A total of 1,912 (19%) participants were classified as obese and 5,459 (53%) as overweight-or-obese (Table 1). Overall, 7% of young adults (16–24 years), 21% of mid-age adults (25–64 years) and 18% of older adults (65+ years) were obese and the corresponding proportions for overweight-or-obese were 25%, 57% and 56% respectively.

Table 1 Distributions of risk and protective factors for obesity among 10,208 adults resident in Perth, Western Australia who responded to the Health and Wellbeing Survey 2004-2009

Mean greenness for the 10,208 participants’ neighborhoods ranged from −0.059 to 0.337 with a median of 0.081. The variation in greenness ranged from 0.048 to 0.205 with a median of 0.103.
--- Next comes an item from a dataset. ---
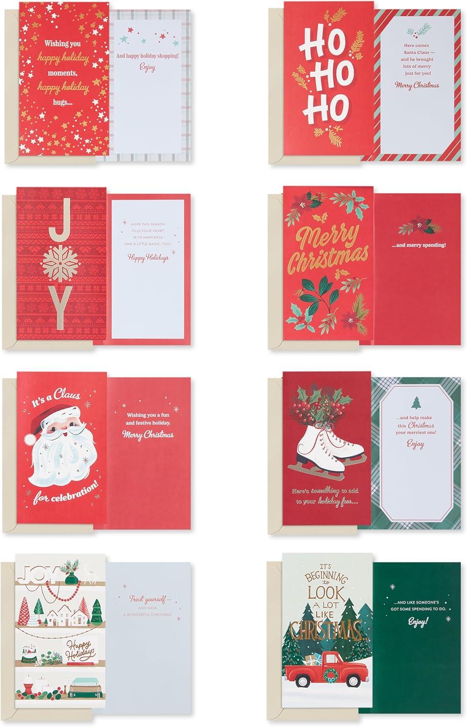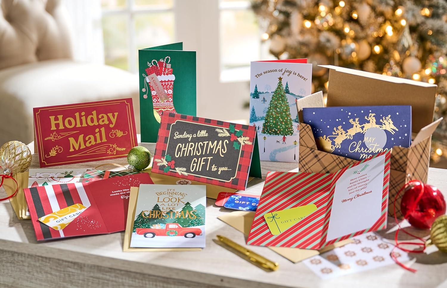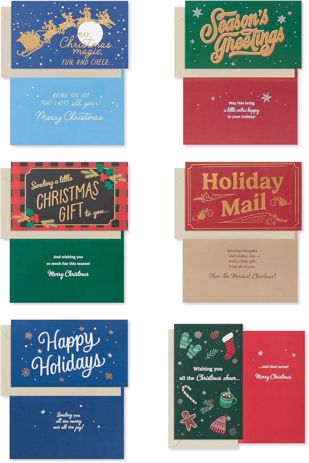This American Greetings holiday card bundle includes many cards featuring shimmering foils, a festive message inside, and a slot to put money, gift cards, or a check
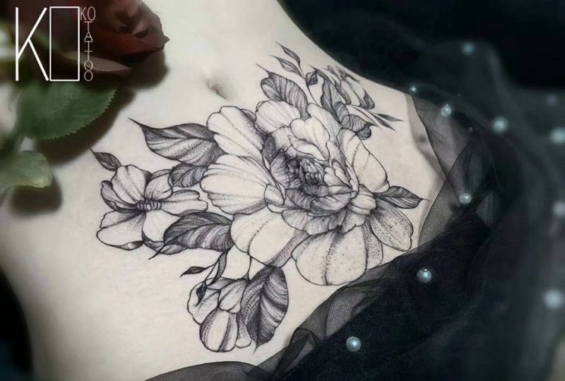 花卉——剖腹产遮盖纹身图片_腹部点刺花卉遮盖定制设计纹身图案

Risk factors for obese and overweight-or-obese among all adults

The odds ratio for being overweight-or-obese (1.60; 95% CI: 1.36 – 1.88) and the odds ratio for being obese (2.16; 95% CI: 1.78 – 2.62) were higher among adults with educational attainment less than year 10 compared with those with a tertiary degree. Per additional serve of fruit, there was insufficient evidence for a decrease in the odds for being overweight-or-obese (OR 0.98; 95% CI: 0.95 – 1.01) and obese (OR 0.98; 95% CI: 0.94 – 1.02). Similarly, per additional serve of vegetables, there was insufficient evidence for a decrease in the odds for being overweight-or-obese (OR 1.00; 95% CI: 0.98 – 1.02) and obese (OR 1.00; 95% CI: 0.97 – 1.03). For each year increase in age the odds for being overweight-or-obese (OR 1.02; 95% CI: 1.01 – 1.02) and obese (OR 1.01; 95% CI: 1.01 – 1.01) both increased. The odds ratio for being overweight-or-obese (1.67; 95% CI: 1.54 – 1.81) was higher among men. There was insufficient evidence for an association between obesity and sex (Men compared to women, OR 0.92; 95% CI: 0.83 – 1.02). Smoking was not associated with being overweight-or-obese (OR 0.95; 95% CI: 0.85 – 1.06) or obese (OR 0.96; 95% CI: 0.83 – 1.11) among this study population.

Neighborhood greenness and overweight-or-obese

The adjusted odds ratio for being overweight-or-obese was lower (0.84; 95% CI: 0.76 - 0.92) for adults with high levels of mean greenness (highest tertile), compared with those in neighborhoods with low levels of mean greenness (Table 2). The adjusted odds ratio for being overweight-or-obese was also lower (0.75; 95% CI: 0.68 - 0.82) for adults in the highest variation in greenness tertile compared with the lowest tertile. The adjusted odds ratios for high vs. low tertile in each of the three age groups were all smaller than one although some of the confidence intervals included one. The adjusted odds ratios for moderate vs. low mean and variation in greenness were generally, but not always, closer to unity than the corresponding odds ratio for high vs. low greenness. There was insufficient evidence to indicate that the effects of mean greenness and variation in greenness on overweight-or-obese differed across the three age groups (p-value for interaction 0.668 and 0.952 respectively).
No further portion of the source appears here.